We will now load our phylogeny files into R. As I said above, they are already formatted consistently. Also, we will use specific nomenclature when referring to each of them to make the process a bit more intuitive. The phylogeny that is good at representing the deeper relationships of the tree will serve as the “backbone”. The phylogenies good at representing relationships at the tips (such as barcode phylogenies) will be named after the nodes at which they fuse with the “backbone” phylogeny, so in this case, their genera.

It is important that we save all phylogenies to be grafted onto the backbone in a vector object (which turns into a list if you have more than one phylogeny to graft), a necessary step for the grafting code even if you only had one phylogeny to graft.

#______________________________________________________________________________
# Backbone phylogeny from Wheeler et al. (2017)
backbone <- read.tree(
  here("data",
       "phylo_trees",
       "ML_pGH16_by_gene_boot1K_named_algonquin.nwk")
)

#______________________________________________________________________________
# Phylogenies to be grafted onto the backbone tree
subtrees <- c(
  Agelenopsis = read.tree(here("data", "phylo_trees", "Agelenopsis.nwk")),
  Araneus = read.tree(here("data", "phylo_trees", "Araneus.nwk")),
  Bathyphantes = read.tree(here("data", "phylo_trees", "Bathyphantes.nwk")),
  Cicurina = read.tree(here("data", "phylo_trees", "Cicurina.nwk")),
  Clubiona = read.tree(here("data", "phylo_trees", "Clubiona.nwk")),
  Neoantistea = read.tree(here("data", "phylo_trees", "Neoantistea.nwk")),
  Pelegrina = read.tree(here("data", "phylo_trees", "Pelegrina.nwk")),
  Philodromus = read.tree(here("data", "phylo_trees", "Philodromus.nwk")),
  Tetragnatha = read.tree(here("data", "phylo_trees", "Tetragnatha.nwk")),
  Theridion = read.tree(here("data", "phylo_trees", "Theridion.nwk")),
  Walckenaeria = read.tree(here("data", "phylo_trees", "Walckenaeria.nwk")),
  Xysticus = read.tree(here("data", "phylo_trees", "Xysticus.nwk"))
)

At this stage, you should format your backbone tree so that only the genus name is showing at each tip. In this example, Alex made those changes by hand in Notepad for our genera of interest, but if you want to do it in R (again, provided your tips are in the “Species_name” format) this is the code you would use.

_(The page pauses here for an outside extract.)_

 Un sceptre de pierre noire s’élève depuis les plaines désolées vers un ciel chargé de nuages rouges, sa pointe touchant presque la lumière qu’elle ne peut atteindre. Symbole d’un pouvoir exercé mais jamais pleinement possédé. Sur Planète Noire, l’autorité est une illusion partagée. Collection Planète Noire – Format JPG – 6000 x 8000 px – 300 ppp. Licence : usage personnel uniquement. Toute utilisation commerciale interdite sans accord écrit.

If we run this code, the entire “backbone” phylogeny gets trimmed to the first word in the tip label before the first underscore, which may be genus, family, or whatever classification you are after, and it will keep only one branch per classification (genus, etc.). Doing this is fine so long as you are not dropping tips that you will use for your analysis.

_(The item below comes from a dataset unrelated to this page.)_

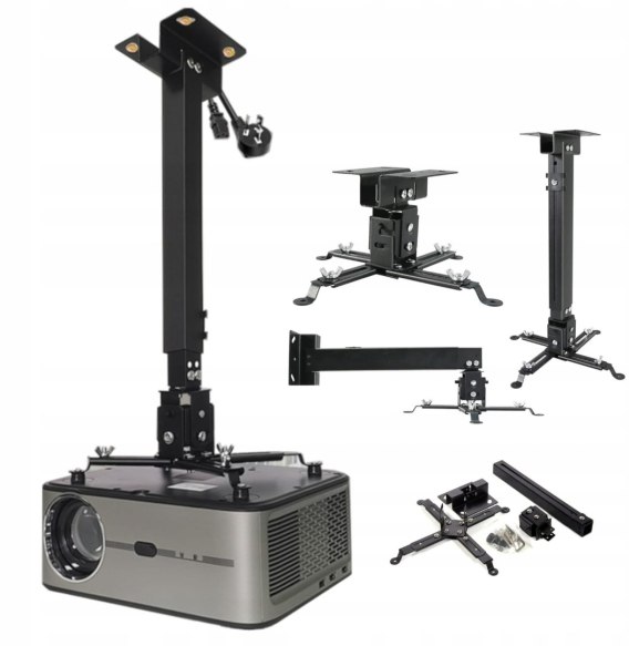 - W komplecie akcesoria montażowe: wszystkie narzędzia do montażu, wiele rodzajów śrub pasujących do wszystkich projektorów, kołki rozporowe. Jedyne co musisz zrobić we własnym zakresie to wywiercić otwory w ścianie lub suficie pod uchwyt.
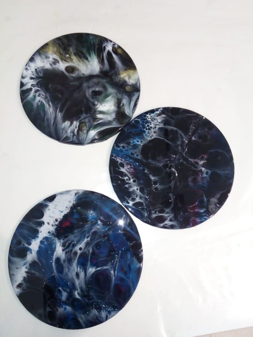 Все материалы, а именно: эпоксидная смола, красители, добавки и Артборд круг диаметром 25 см.

Note that this backbone tree is a large spider tree of life where their names are in the “Family_Genus_species” format, so when we run the code below, most tips will be named after their families, but the ones Alex changed by hand to be genus only will show up as genera.

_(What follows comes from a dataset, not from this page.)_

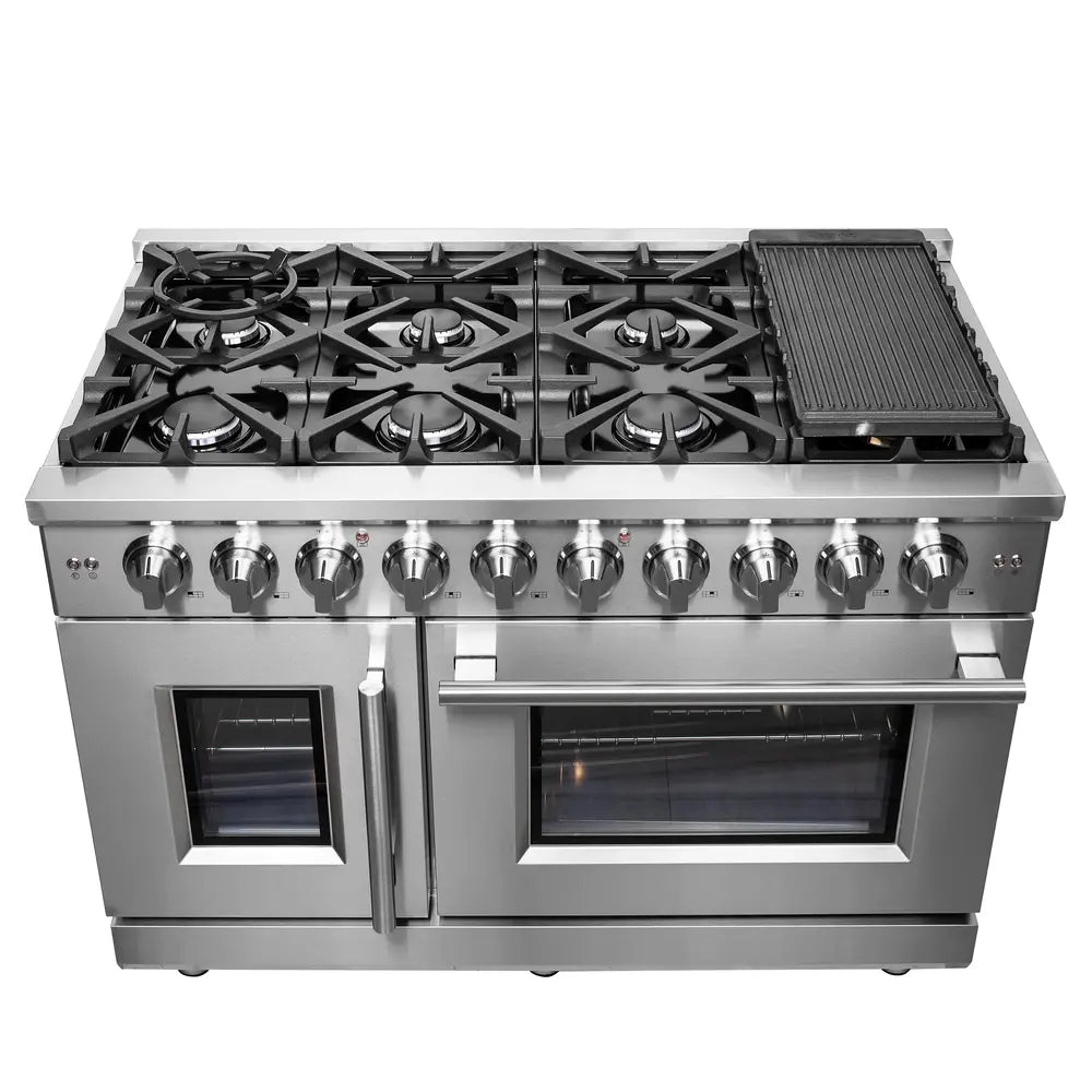 Forno Massimo 48-Inch Freestanding French Door Gas Range with Left Swing Oven Door

#________________________________
# Save current tip labels and genera names in separate objects 
tips <- backbone$tip.label
genera <- unique(sapply(strsplit(tips, "_"), function(x) x[1]))
#________________________________
# Creates named number vector where the numbers represent the position of the 
# first occurrence of each genus within the phylogeny
ii <- sapply(genera, function(x, y) grep(x, y)[1], y = tips)
#________________________________
# Drops tips that are not in the ii object
backbone <- drop.tip(backbone, setdiff(backbone$tip.label, tips[ii]))
#________________________________
# Rename tips to be genus name only
backbone$tip.label <- sapply(strsplit(backbone$tip.label, "_"), function(x) x[1])

Now let’s see what this phylogeny looks like (you will have to zoom in to read the tip labels because there are so many taxa!).

ggtree(backbone,
       layout = "circular",
       open.angle = 10) +
  geom_tippoint(size = 1,
                show.legend = FALSE) +
  geom_tiplab(colour = "black",
              size = 1.5,
              nudge_x = 0.1) + # Adds family names away from phylogeny
  geom_rootpoint()

Figure 8: Spider phylogeny condensed to family in most cases and to genus for the genera Alex identified by hand. We modified the genus nodes for the genera we had barcode-based phylogenies for.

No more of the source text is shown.